Young equestrian competes

Nothing unusual about a 5-year-old girl enjoying a pony ride gift for her birthday.

But for Avonworth eighth grader Emma Smith, that gift has not ended, as she continues to ride, four to five days each week, building her skills as a hunter/jumper, riding and honing her skills at Candy Lane Acres in Sewickley.

Emma's mom, Janae, said that as a child, Emma showed an early interest, had a great passion for all animals and liked to jump the horses. But what started as a pastime has now advanced to some intense competition for students in grades 6-12.

She has jumped as high as 3'6'' on her own horse, Elliot, and she also is involved in a high school program for riders, Interscholastic Equestrian Association (IEA). Riders in grades 6-12 travel to competitions with a coach/trainer, and when they get to the competition, they randomly select a horse by pulling a name from a hat. The name matches up with a horse the rider has never seen or ridden before, but this is the horse that he or she -- boys and girls compete together -- will ride for each of their events.

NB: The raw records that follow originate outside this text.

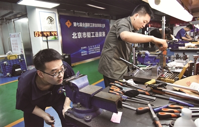 7月21日,第七届全国职工职业技能大赛北京选拔赛正式启动。本次选拔赛由北京市总工会、北京市人力资源和社会保障局等部门主办,市职工技术协会承办,包括钳工、焊工、数控机床装调维修工、工业机器人操作调整工、网络与信息安全管理员、砌筑工6个工种。图为钳工选拔赛的竞技现场。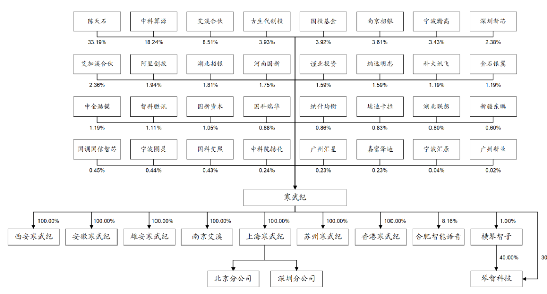 招股书显示,发行上市前寒武纪共有32名股东,陈天石外,中科院所属公司中科算源、寒武纪员工持股平台艾溪合伙、古生代创投、国投基金等分列寒武纪第二至五大股东,持股比例分别为18.24%、8.51%、3.93%、3.92%。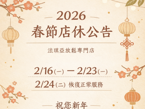 【2026 春節店休公告】 法琪亞放鬆專門店 2/16(一)~ 2/23(一)店休 2/24(二)正常營業 祝大家新年平安、身體輕鬆 ✨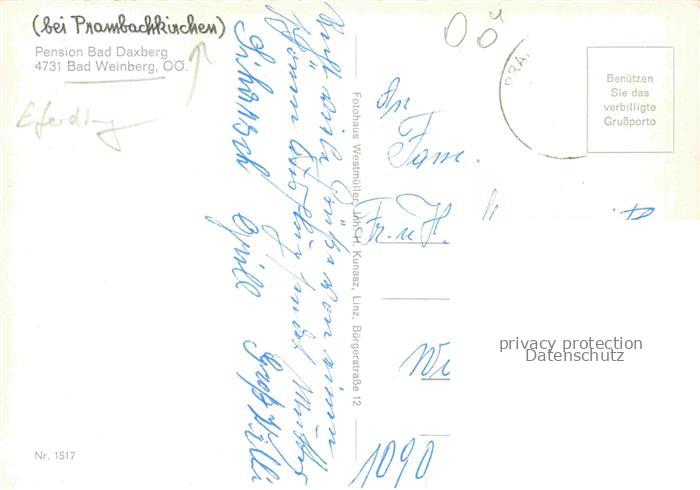 74155922 alte Postkarte Bad Weinberg Prambachkirchen Linz-Wels Oberoesterreich AT Pension Bad Daxberg postalisch gelaufen Erhaltung siehe scans [WerneD78] KatCode: 11390312040508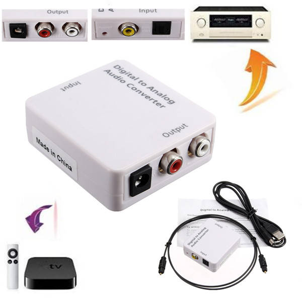 Optical Digital Coaxial Toslink Signal To Analog Audio Converter Adapter DC 5VDescription:This Digital to Analog Audio Converter is designed for either home or professional audio switching. It converts coaxial or toslink digital audio signals to analog L/R audio and available for connection to an external device such as an amplifier via standard RCA jacks.
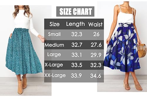 - High quality soft chiffon spring summer skirt,100% Polyester Elastic waist flare closure skirt,easy can dress up and down., Stretchy high waisted, flowy and swing pleasted a line fashionable and polka dot printed midi long pleated skirt, two pockets, A-line, polka dot, maxi skrit, midi skrit., Elastic waist flare closure skirt,easy can dress up and down., It can be wore on casual, daily, travel, holiday, beach occasions,Perfect for spring, summer and autumn., Easy to wash by hands or machine wash,Do not Wring and bleach.
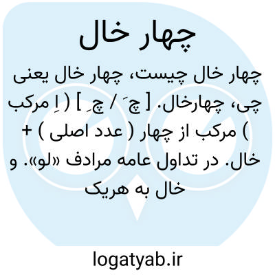 چهارخال. [ چ َ / چ ِ ] ( اِ مرکب ) مرکب از چهار ( عدد اصلی ) + خال. در تداول عامه مرادف «لو». و خال به هریک از نقش های قراردادی ورق های بازی اطلاق شود. و هر خال نماینده واحدی باشد. چهارلو، برگ یا ورق بازی که چهارلو یا چهار نقش داشته باشد. || اصطلاح دیگری است در ورق بازی و آن چهارگونه نقش منقوش بر ورقهای بازی است و آن نقوش: خال سیاه خشت دل گشنیز یا خاج است. || اصطلاح دیگری است در ورق بازی و آن چهار مشابه است از چهار نقش چون: چهارآس، چهارشاه، چهاربی بی، چهارسرباز، چهارده لو و غیره...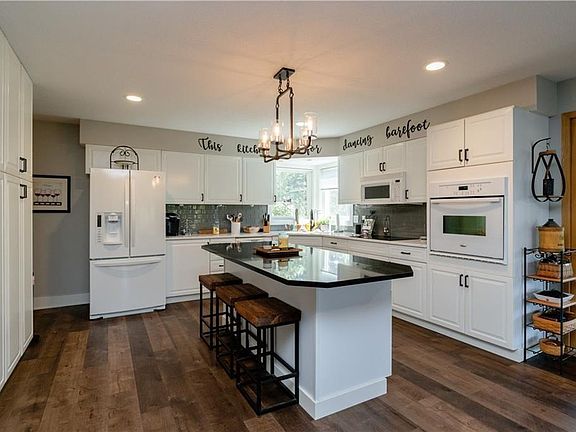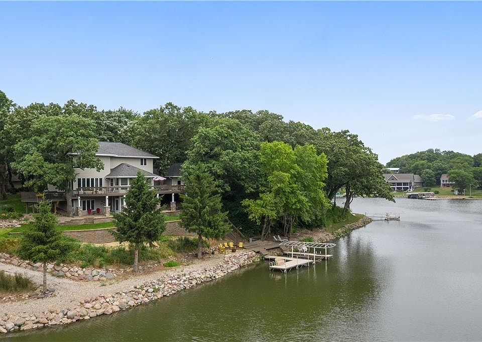 Welcome to paradise! The perfect lake home with everything you could want. Walk into the beautifully appointed 1st floor and be amazed at the finishes in this open floor plan. Large dining room, gourmet kitchen and spacious family room. Throughout the home there is a lake view from the many windows. There is virtually nowhere in this home that you can not see the lake. The L.L. is stunningly finished with a beautiful wet bar, surround sound and a wind cellar built into the space under the stairs. Also plenty of room to put either a giant craft room or exercise room and still have plenty of space for storage. From the 4 season room or the screened in patio you can enjoy all the beautiful views of the lake and of this newly professionally landscaped yard or walk to the t dock, boat lift & jet ski lift, which does not have to be removed for the winter months. These also have floating steps for when it comes time to level the docks and lifts.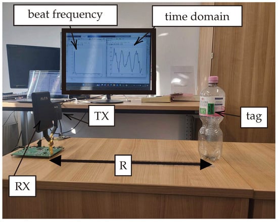 The passive tag is mounted on an empty bottle of water to evaluate the impact of positioning the tag on plastic material, deliberately excluding the water’s dielectric properties from our initial considerations. Potential clutter interference is hypothesized to originate from nearby metallic objects or the concrete structure of the surrounding environment. Looking ahead, we plan to extend our investigation by mounting the passive tag on a variety of real-world products, each characterized by distinct dielectric properties. This future work aims to assess the system’s performance across a broader spectrum of conditions and define the operational limits accordingly. To ensure the utmost accuracy in our measurements, the position of the target (the passive tag mounted on the water bottle) was precisely determined using a Bosch GLM 500 laser meter. This instrument enabled us to ascertain the exact distance between the tag and the system’s TX/RX antennas, ensuring that our data reflect true distances with high fidelity.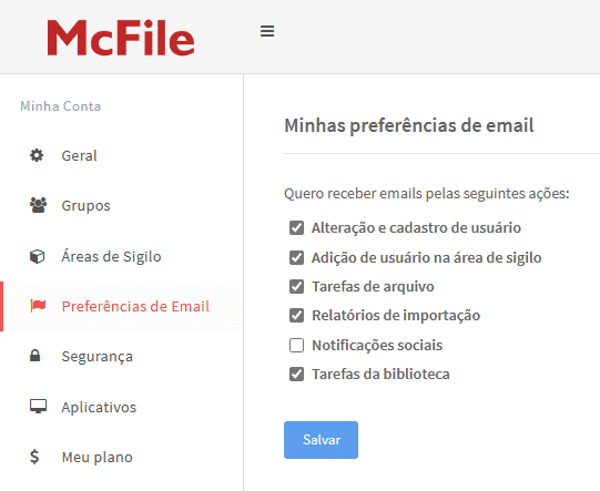 Você sabia que é possível configurar quais e-mails recebe do McFile? Indo das notificações sociais às áreas de sigilo, você pode ter total conhecimento sobre tudo que acontece em seu ambiente. Vamos entender como funciona?

“You have to be in sync with the horse you ride quickly and adjust to its style and what works to make you a team, since you have never ridden the horse before. It's a lot harder than it looks because you have to be in good shape and be able to adjust to new horses at each show. But it's fun and challenging because you are always riding new horses,” Emma said.

Mom added, “The program showcases the ability of the rider and levels the playing field so that a rider does not need to own the horse to compete. The best riders win, not the best horses.

Emma said that good balance, coordination and strength, and a good partnership with the horse, as well as a love of animals, are qualities that good riders must have.

Once they compete, riders earn points over the course of several competitions. Throughout the past few months, Emma followed a pattern of advancing. She was high point rider at regionals held in State College, PA, and after advancing to zone competition, which covered Pennsylvania, New York and New Jersey, she was again high point rider. Four riders from each zone then moved on to nationals, which was held in late April in Lexington, VA, where, out of 24 national finalists, she placed fifth in jumping.

More than 20,000 kids compete in this program nationally, and when they go to college, many of them participate in Intercollegiate Horse Shows Association.

Riding at the various levels of competition may be a long way from a birthday pony ride, but Emma, the daughter of Mark and Janae Smith of Ben Avon Heights, said that she truly enjoys the sport, despite the many demands that go along with it.

“Riding is fun and challenging and I meet a lot of nice people from different areas. I would like to compete in college and take my horse Elliot with me,” Emma said.